## What to produce
Would you transcribe the lines running from the one that holds "Gambar 1. Tumbuhan" to the last line of the records? Leave every picture out.

## Exercise materials

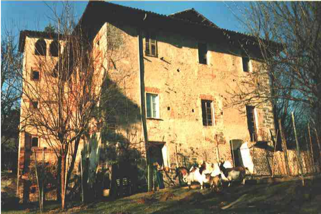
La casa del rettore: prospetto sud-est

degli spazi abitativi, secondo modelli segnalati nei territori di Verzuolo e, di nuovo, di Saluzzo.
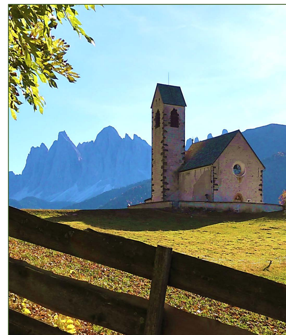
Villnösstal - Geislerspitzen
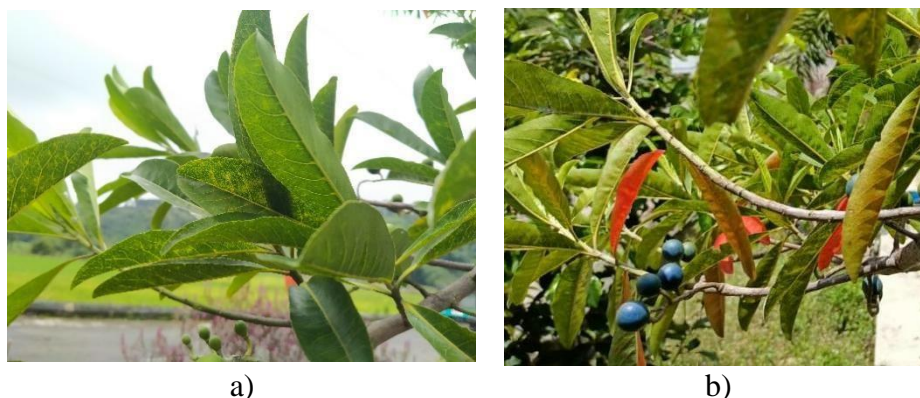
Gambar 1. Tumbuhan genitri. a) Daun genitri tersusun selang-seling dengan pertulangan daun menyirip dan permukaannya halus; b) Buah genitri matang berwarna biru keunguan, struktur keras.

Tumbuhan genitri merupakan salah satu tumbuhan lokal Indonesia yang diketahui memiliki banyak kandungan senyawa dengan manfaat baik bagi kesehatan tubuh. Kompleks senyawa yang terkandung dalam daun, buah/biji antara lain geranin, 3-4-5 trimetoksi geranin, grandisinin, quercetin , alkaloid, glikosida, saponin, fenolik, fitosterol, flavonoid, dan tanin (Singh et al. , 2015; Tripathy et al. , 2016). Kulit buah genitri mengandung senyawa alkaloid, flavonoid, antosianin, tanin, fenol, dan saponin yang diketahui berpotensi sebagai bahan antioksidan (Hardainiyani, et al. , 2015; Miao et al. , 2016). Tumbuhan genitri dapat dilihat pada Gambar 1. Bahan alam sebagai agen antioksidan dan antimikroba alami dapat dikembangkan menjadi obat yang lebih aman daripada obat sintetik (Verma, 2017). Kandungan fitokimia tumbuhan genitri seperti pada Tabel
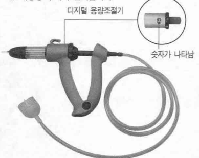
소비자가격 : 주사기 10만원(병연결 호스 포함)
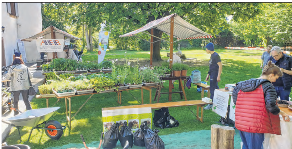
Es gab zahlreiche Setzlinge für den heimischen Garten. Bei der Auswahl half die Beratung.

## Exercise result
Gambar 1. Tumbuhan genitri. a) Daun genitri tersusun selang-seling dengan pertulangan daun menyirip dan permukaannya halus; b) Buah genitri matang berwarna biru keunguan, struktur keras.

Tumbuhan genitri merupakan salah satu tumbuhan lokal Indonesia yang diketahui memiliki banyak kandungan senyawa dengan manfaat baik bagi kesehatan tubuh. Kompleks senyawa yang terkandung dalam daun, buah/biji antara lain geranin, 3-4-5 trimetoksi geranin, grandisinin, quercetin , alkaloid, glikosida, saponin, fenolik, fitosterol, flavonoid, dan tanin (Singh et al. , 2015; Tripathy et al. , 2016). Kulit buah genitri mengandung senyawa alkaloid, flavonoid, antosianin, tanin, fenol, dan saponin yang diketahui berpotensi sebagai bahan antioksidan (Hardainiyani, et al. , 2015; Miao et al. , 2016). Tumbuhan genitri dapat dilihat pada Gambar 1. Bahan alam sebagai agen antioksidan dan antimikroba alami dapat dikembangkan menjadi obat yang lebih aman daripada obat sintetik (Verma, 2017). Kandungan fitokimia tumbuhan genitri seperti pada Tabel
소비자가격 : 주사기 10만원(병연결 호스 포함)
Es gab zahlreiche Setzlinge für den heimischen Garten. Bei der Auswahl half die Beratung.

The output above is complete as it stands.